Median CEO pay hit $16.3 million—nearly 200 times the typical worker

Median CEO pay hit $16.3 million in 2023, or nearly 200 times the typical worker’s wages for the year, according to data analyzed for The Associated Press by Equilar.

Typical compensation packages for chief executives who run companies in the S&P 500 rose nearly 13% last year, the AP reports. And roughly two dozen chief executives in the survey saw a pay bump of 50% or more.

Workers, on the other hand, saw wages rise by 5.2% in the last year, just above the rate of inflation, with some of the biggest gains going toward the lowest-paid workers. The median S&P 500 employee earned $81,467 in 2023.

A widening CEO-to-worker pay gap

The CEO-to-worker pay gap grew in the last year as company boards scrambled to keep executives from quitting and businesses fared well in the stock market. In 2022, CEOs made roughly 185 times their typical worker; with the jump in 2023 numbers, CEOs now make roughly 196 times their employees.

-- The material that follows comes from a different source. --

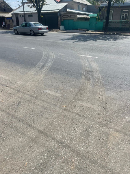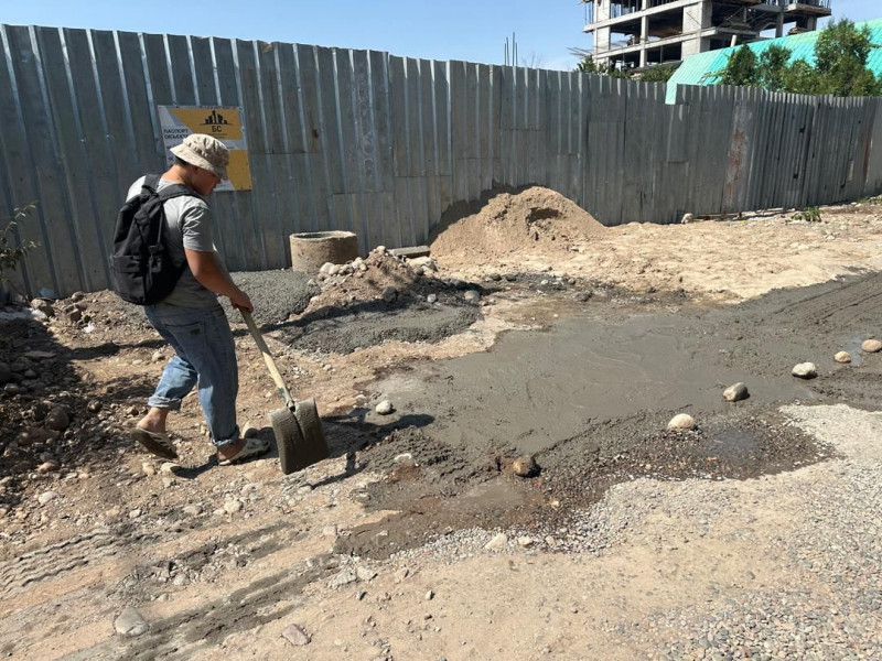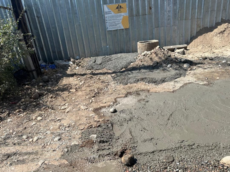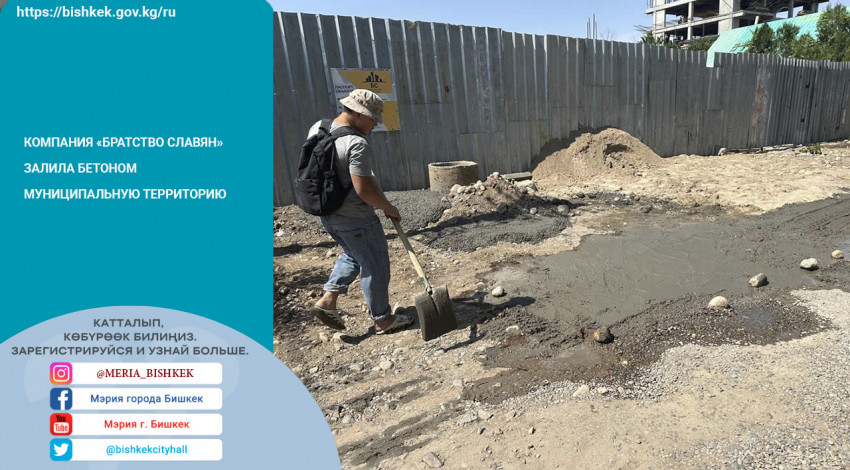 ОсОО «Братство Славян» залило бетоном муниципальную территорию и не приняло меры по предотвращению загрязнения проезжей части по улице Ахунбаева, 231, не промыв колеса спецтехники.

The disparity is largely driven by the fact that many top executives are paid based on how well their company performs, and stock awards make up roughly 70% of their total compensation packages.

CEO pay is generally decided on by shareholders, who in the last four years have overwhelmingly voted in support of executive compensation plans, according to Equilar data.

Top bosses haven’t always made so much more than their workforce.

CEO pay has increased by 1,209% since 1978, compared with an 15% bump for the typical worker over this time period, according to the left-leaning Economic Policy Institute.

Typical worker wages have not increased as fast as CEO pay for a number of reasons, says Lawrence Mishel, a distinguished fellow at the EPI: high unemployment, globalization, the erosion of unions, low labor standards, the increase in noncompete clauses and domestic outsourcing, like shifting to a workforce of freelancers. Notably, the Federal Trade Commission recently voted to ban noncompete clauses, which impacts some 30 million American workers, though the move is facing legal action from business groups.

Whether CEOs are overpaid is “really up to shareholders to decide,” says Amit Batish, the senior director of content and communications at Equilar.

“One may argue that paying a CEO adequately is critical to the success of an organization, ensuring long-term stability and growth, particularly during economic downturns,” Batish tells CNBC Make It. If certain performance goals, especially financial growth, aren’t met, shareholders might express their dissatisfaction by cutting compensation.

As it stands now, Batish expects CEO pay to continue to outpace growth in median worker pay but notes that CEO stock compensation isn’t a guarantee — CEOs may not be able to cash in on their stock awards for years, if at all, unless they meet certain targets in their stock value or operating profits. Meanwhile, median employee pay is in cash salaries and bonuses, “making the comparison difficult at times.”

That being said, “the value of stock awards can also appreciate over time, bringing even more value to executives, while the value of cash for employees contends with inflation,” Batish says.

This widening gap could be a reason why Americans are dissatisfied with the economy, says Sarah Anderson, who directs the Global Economy Project at the progressive Institute for Policy Studies.